Литмир - Электронная Библиотека
A
A

Но я знал — пусть смутно, но знал, почему не выполнил поручение Полесского. А вот в чем причины смущения Григория, его нервозности? Только в том, что он «перебил» у меня «авторство»? Тогда это чепуха. Об этом и говорить-то не стоит. Но, может быть, тут что-то другое?

Наш разговор так ничем и не кончился. Он имел продолжение на следующий день, когда… Впрочем, об этом я расскажу позднее.

Расставшись с Григорием, я постарался выкинуть из головы всю эту дурацкую историю со статьей и пошел в туннель.

Как только я вошел в туннель и снова увидел незакрепленные, ждущие бетона участки, мысли мои вернулись к Рожицыну. Что он за человек в конце концов? В нем было что-то невозмутимо-равнодушное, я бы сказал — созерцательное. Глядя на Рожи-цына, думалось, что грохот взрывов, буровая пыль, полумрак штольни, — словом, все, что связано с трудной и «грязной» работой горняка, шахтера, — должно быть чуждым и неприятным этому человеку.

«Откуда он такой? — спрашивал я себя; и отвечал: — Оттуда же, откуда и все мы. Из школы. Из института. Жизни, конечно, не нюхал. Из школы в институт прошел точно по стеклянным, отгороженным от внешнего мира коридорам. А из института — на производство… Наверное, и во время учебной практики выбирал такие места, где можно было прожить без лишних тревог и забот».

«Ну, хорошо, — возражал я себе. — Но ведь это обычная биография молодого человека. Школа, вуз, производство… Разве ты сам не прошел точно такой же путь?

Прошел. Ну и что же? Разве я не чувствовал себя неучем, когда около двух лет назад приехал сюда? Да, я был неучем не только потому, что обладал лишь теоретическими знаниями и не сразу научился применять их на практике. У меня не было вдобавок никакого опыта общения с людьми, с производственным коллективом. Все это так. Но я не хитрил, не «комбинировал», как Рожицын. Нет».
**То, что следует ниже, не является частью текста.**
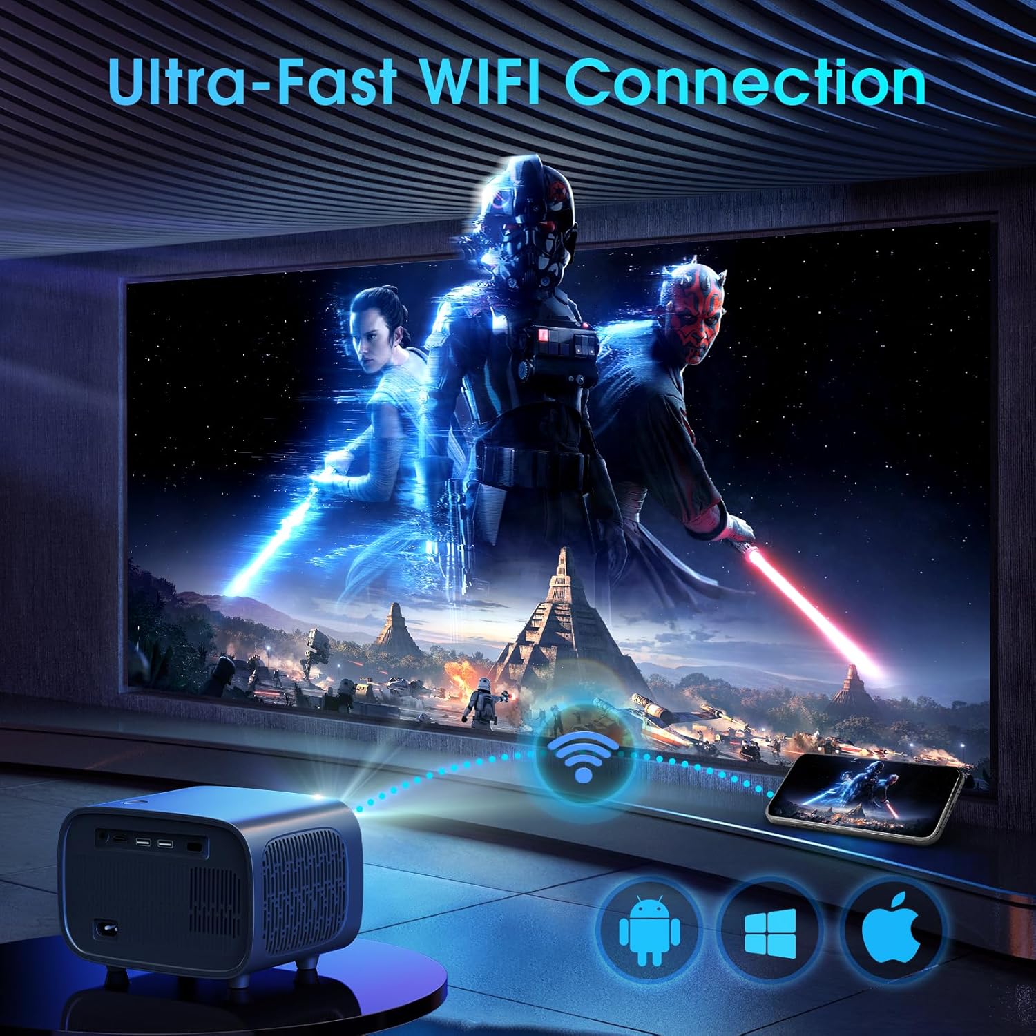 [Ultra-Fast WiFi & Bluetooth 5.2] VIKEYUNVK projector with wifi and bluetooth. The latest WIFI connection function is compatible with IOS, Android and Windows systems, and you can enjoy a low-latency same-screen experience (same-screen can also be achieved through cables). Bluetooth 5.2 brings lower latency and stable connection with Bluetooth speakers, Bluetooth headsets and other devices

Я медленно шел по забетонированному участку туннеля. Отсюда, снизу, самого свода почти не было видно. Он скорее угадывался в дымке постоянно висящей в воздухе буровой пыли. Среднюю часть туннеля уже обрушили, и теперь, раздавшись в стороны, она была значительно шире, чем сама штольня. Глухой рокот бурения доносился откуда-то издалека. Там, в невысоких нишах, часто не имея возможности выпрямиться или даже повернуться, бурильщики забуривали свои шпуры.

«Что же все-таки за человек этот Рожицын?» — размышлял я.

Рассуждая формально, в «трюке» Рожицына не было ничего страшного. В конечном итоге западный участок выполнил недельный план в том объеме, в каком это официально сообщил Рожицын. Насчет обмана государства я, конечно, преувеличивал. Но человеку, который лжет с таким равнодушием, с таким спокойствием, вообще нельзя доверять. В этом и заключалось то главное, что так возмутило меня в поступке Рожицына;.

…Я подошел к участку, где уже не производилось никаких работ. Здесь верхняя часть туннеля была почти готова. Но в этом «почти» и заключалось все дело. Этот участок туннеля ждал бетона.

Медленно продвигаясь по настланным доскам, под которыми журчала вода, я внезапно увидел впереди очертания двух человеческих фигур..

Люди стояли у стены штольни совсем неподвижно, и я никак не мог понять, кто они и что делают здесь, в пустой штольне, где вот уже несколько дней все работы прекращены.

Я шел тихо, и те люди, видимо, не слышали моего приближения. Только когда я подошел почти вплотную, они наконец заметили меня и шарахнулись в сторону…

Но было поздно. Я уже хорошо разглядел их самих и то, чем они занимались. Это были рабочие-бетонщики. Они поспешно повернулись ко мне, и я услышал, как чуть звякнуло стекло от прикосновения к каменной стене штольни, — один из рабочих прятал за спиной бутылку.

Я едва сдержался, С тех пор как в Тундрогорске была уничтожена проклятая пивная — «шайба», с тех пор как мы построили новые дома для рабочих, у нас не было случая выпивки на производстве.

— Идите к начальнику своего участка, — сказал я, — и передайте, что вы уволены. Оба.

Я пошел вперед, каждую секунду ожидая услышать за собой шаги и жалобные просьбы. Но вместо этого раздались слова, гулко прозвучавшие под пустынным сводом:

— Ну и увольняй! Не испугались! Работу найдем! Безработицы как будто не предвидится!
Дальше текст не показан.